Hochant la tête pour indiquer qu’il comprenait, Tycho ramassa les pièces et les fourra dans une poche de cuir à sa ceinture.

— Laisse-moi t’aider. (Arrachant un morceau de fourrure de sa botte, Iacopo l’enfonça vivement dans la poche de Tycho et la referma.) Ça empêche les pièces de tinter, expliqua-t-il. C’est l’un de mes trucs. (Tycho opina du chef.) Je vais y aller, maintenant, dit Iacopo. Tu vas avoir besoin de temps pour te préparer. Mais donne-moi un peu de cette bière légère d’abord.

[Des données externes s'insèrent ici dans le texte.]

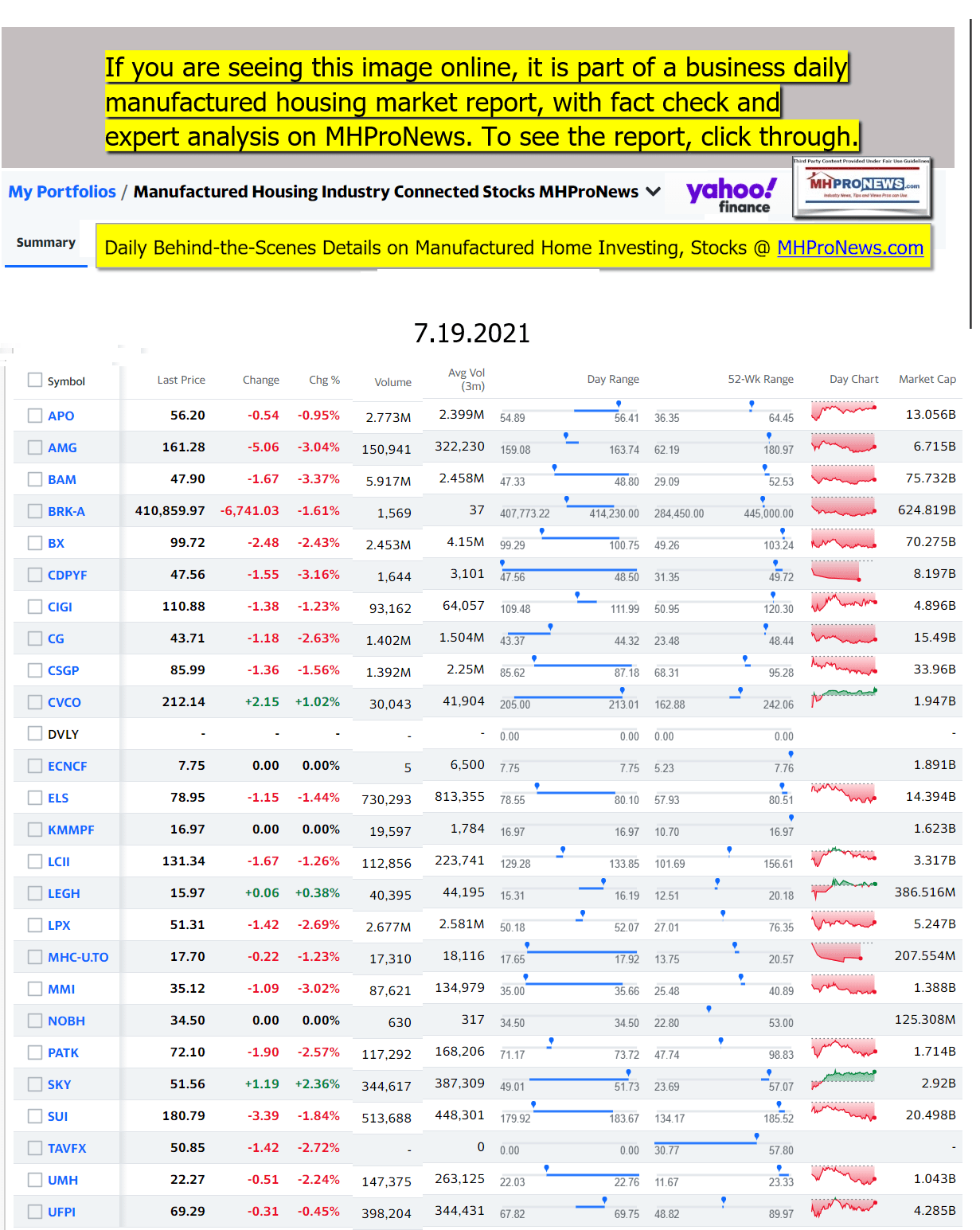 Disclosure. MHProNews holds no positions in the stocks in this report.

Il prit le pichet pour remplir un verre grossièrement soufflé, qui lui glissa tout à coup des mains et heurta le sol avec fracas, pour s’éloigner en roulant, intact.

— Merde ! s’exclama-t-il. Je suis navré.

— Pas grave. Le verre n’est pas cassé.

— Ce n’est pas ce qui m’ennuie. (Sortant un morceau de velours, Iacopo essuya la bière à l’arrière des bottes de Tycho.) Voilà qui est mieux, dit-il.